Freshness checks¶
Ensuring data freshness is essential for maintaining the reliability and accuracy of datasets. In Soda, freshness checks can be defined to monitor and enforce data timeliness. Below are explanations and sample configurations for various types of freshness checks.
Basic freshness check: Ensures that the dataset is not older than a specified duration.
In this example, the freshness(test) < 10d condition verifies that the dataset's most recent record is less than 10 days old.
- freshness(test) < 10d:
name: Data should not be older than 10 days
attributes:
category: Freshness
title: Validate dataset recency within 10 days
Example with check name: Ensures that data freshness meets a defined threshold and includes a descriptive check name for better traceability.
The following check verifies that the most recent record in the dataset is less than 27 hours old.
- freshness(start_date) < 27h:
name: Data is fresh
attributes:
category: Freshness
title: Validate that data is updated within the last 27 hours
Example with alert configuration: Defines warning and failure thresholds for freshness checks using alert conditions.
The only comparison symbol that can be used with freshness checks that employ an alert configuration is >.
- freshness(start_date):
warn: when > 3256d
fail: when > 3258d
attributes:
category: Freshness
title: Monitor and alert when data exceeds freshness limits
# OR
- freshness(start_date):
warn:
when > 3256d
fail:
when > 3258d
attributes:
category: Freshness
title: Trigger alerts when data freshness thresholds are exceeded
Example with in-check filter: Ensures that data freshness is validated only for specific subsets of data using a filter condition.

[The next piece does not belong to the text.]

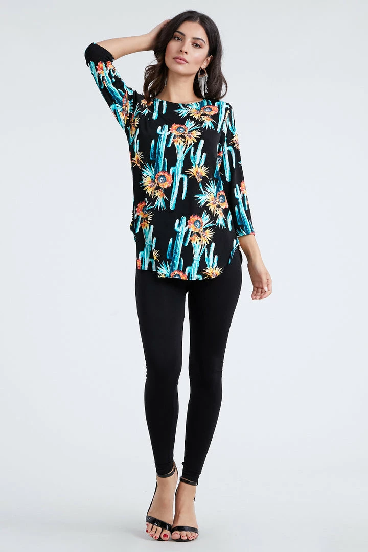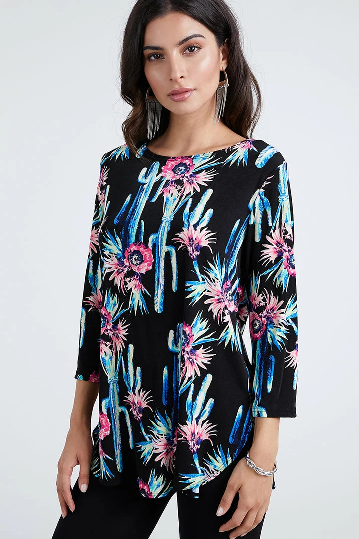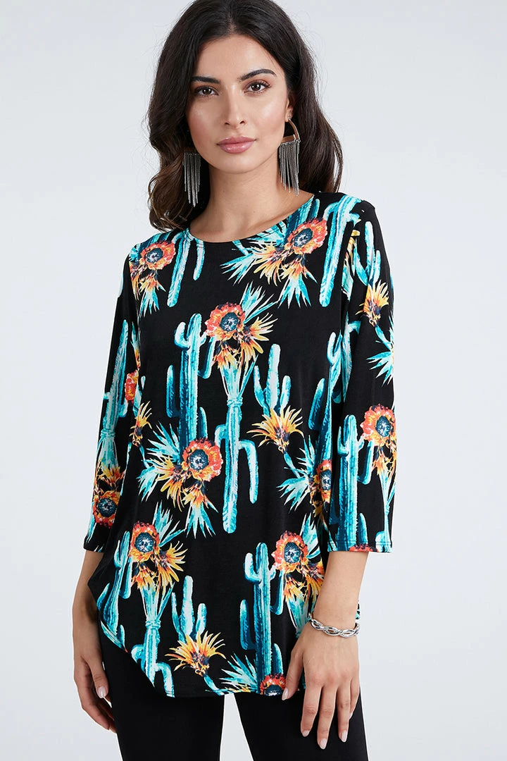 Jostar Women’s Stretchy Rounded Bottom Tunic Top Quarter Sleeve Print-346BN-QRP1-W039 Quarter Sleeves

In this example, the check verifies that the records where weight = 10 are not older than 27 hours.
- freshness(start_date) < 27h:
filter: weight = 10
attributes:
category: Freshness
title: Validate data freshness for records with weight equal to 10
List of freshness thresholds¶
| Threshold | Example | Reads as |
|---|---|---|
#d |
3d |
3 days |
#h |
1h |
1 hour |
#m |
30m |
30 minutes |
#d#h |
1d6h |
1 day and 6 hours |
#h#m |
1h30m |
1 hour and 30 minutes |
By incorporating these accuracy checks into your workflows, you can proactively monitor and maintain the correctness of your datasets, ensuring they meet your organization's data quality standards.